D. UNE OBLIGATION D’ASSURANCE, ASSORTIE D’UN RÉGIME DE CONTRÔLE, ET UN DROIT DE RECOURS DIRECT CONTRE L’ASSUREUR
Le protocole de 2002 oblige tout transporteur dont le navire est autorisé à transporter plus de douze personnes et est immatriculé dans un Etat partie à souscrire une assurance ou une autre garantie financière, notamment le cautionnement d’une banque ou d’une institution financière similaire. L’assurance (ou une autre garantie financière) ne peut avoir une limite inférieure à 250 000 unités de compte par passager pour un même événement.
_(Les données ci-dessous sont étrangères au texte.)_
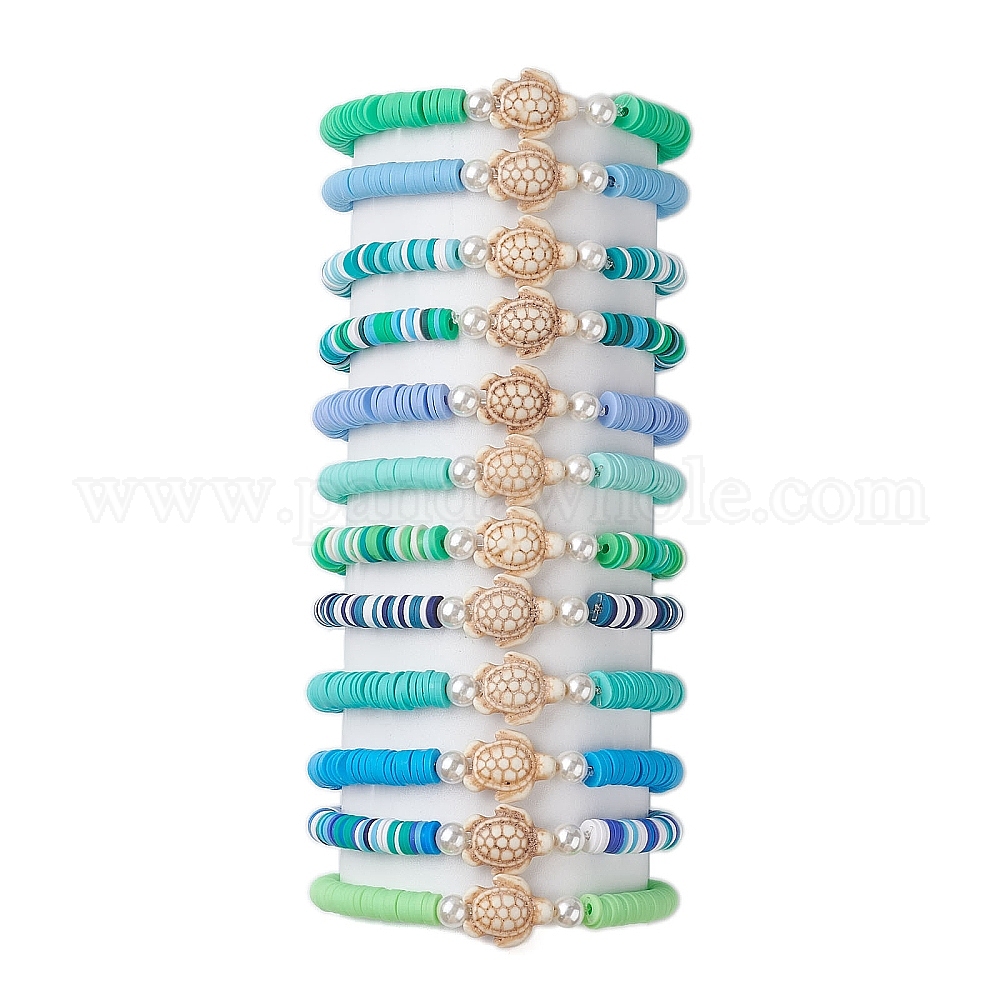 12шт. 12 набор эластичных браслетов в стиле синтетической бирюзы и черепахи, сборные браслеты в стиле преппи из полимерной глины

Afin de garantir l’efficacité de ce dispositif, l’Etat du pavillon doit délivrer ou viser un certificat attestant qu’une assurance ou une autre garantie financière est en cours de validité. Les Etats parties doivent interdire l’exploitation des navires battant leur pavillon qui ne seraient pas munis d’un tel certificat et s’assurer que tout navire faisant escale dans un de leurs ports en dispose. Comme votre Rapporteur a eu l’occasion de l’indiquer précédemment, un modèle de certificat est annexé au protocole. Les certificats délivrés par un Etat partie sont acceptés par tous les autres.
Pour faciliter l’indemnisation des victimes, le protocole permet de former directement la demande de réparation contre l’assureur ou la personne fournissant la garantie financière. Dans cette hypothèse, la limite de responsabilité de l’assureur est également fixée à 250 000 unités de compte.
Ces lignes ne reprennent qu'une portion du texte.